I wondered about what I had done—the long solo car trips back and forth from college to visit my parents, the air conditioner rattling away in my bedroom window, the hamburgers I was planning on cooking for dinner. I tried not to think about what I had failed to do—the environmental justice organization whose phone calls I had been avoiding, the climate emergency march I skipped, the hard conversation with a climate-denying family member that I had been putting off. I rinsed out my soup cans and stacked them in the recycling bin and wondered if it was enough. 

God met me in my anxious desperation, reminding me that overcoming sin is not about having the right answers but about trusting in God’s mercy. We cannot think our way out of a spiritual crisis. When I pray in the Litany of the Sacred Heart, “Heart of Jesus, desire of the everlasting hills, have mercy on us,” I remember the hills and hollers of my native Appalachia that bear the wounds of human ignorance and greed. I think about the injury that I have inflicted. Kneeling on the loose ground I whisper , “Heart of Jesus, bruised for our offenses, have mercy on us.”

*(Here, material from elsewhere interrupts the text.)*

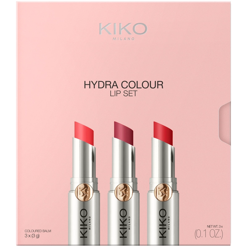 KIKO Milano Hydra Colour Lip Set – 01 Natural Harmony er en æske bestående af 3 fugtgivende læbepomader, der giver et blidt strejf af farve og glans til læberne. Læbepomaderne er beriget med A-, E- og C-vitamin og blødgørende sheasmør, som virker fugtgive, KIKO Milano Hydra Colour Lip Set 9 gr. – 01 Natural Harmony.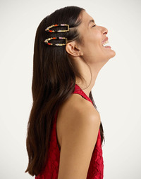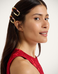 We're getting nostalgic for the Nineties around here, and so have crafted some high-vibration vintage-inspired hair clips to add a youthful pop of color to our everyday wardrobe. But don't mistake these for your basic teenage accessories, amore. These come embellished with multicolored crystals for a little more Italian opulence. Details & Fit - Colored hair clip - Multicolored gems - Made in Italy - Composition: 65% Brass 35% Crystal

The crown of thorns surrounding the Sacred Heart reminds us that some of the holiest places are also some of the most broken places. As close to Jesus as I feel standing on a sandstone bluff and looking out over the beauty of God’s Red River Gorge, the abandoned strip mine further down the highway is where I meet the Crucified One. In a creek bed buried under a whole mountainside, I feel the grief of the One whose Heart is weighed down with insults . In a scraped-over, lifeless field, I find the One whose Heart was obedient to death. I go up the mountain to pray and, even when the mountaintop isn’t there, somehow God still is.

Where I can see only emptiness and waste, Jesus surprises me with newness—the oak seedlings rooting in the gravel, the cerulean warblers flitting overhead. In spite of everything, death is not the end. The same Sacred Heart that died on the hill  of Calvary is also a fountain of life and holiness, the salvation of those who trust in it. As long as Jesus’s Heart is beating, we cannot let ourselves be given over to despair.

Instead, we are invited to the healing work of reparation. In a world marred by sin and division, the Sacred Heart is the place of peace and reconciliation, the delight of all the Saints. God is calling to all of us to overcome our individualism and to confront sinful systems of environmental destruction together. Jesus opens his Sacred Heart to each one of us, and we must open our hearts to one another. When we pray and fast, when we get involved in local community organizing efforts, when we attend demonstrations or participate in civil disobedience, we commit ourselves to the healing of the world and our own hearts.

As I have settled into my new home in the Bronx, a borough carved up by freeways and nicknamed “asthma alley” for its abysmal air quality, I have sought out ways of deepening my commitment to pursuing environmental justice. I attend marches organized by climate justice groups and kneel in prayer while demonstrators are arrested in front of the wealthy and powerful on Wall Street. I meet regularly with an interfaith coalition of people from across New York state lobbying for climate justice legislation in Albany. Sometimes the fear that my efforts are not enough creeps in, but God reminds me that our hope is not in the certainty of our success but in the depths of Jesus’s infinite mercy, in the Sacred Heart, the abyss of all virtue.  In the times when I fear that everything might be lost, it is God who continues to labor in creation, fully alive.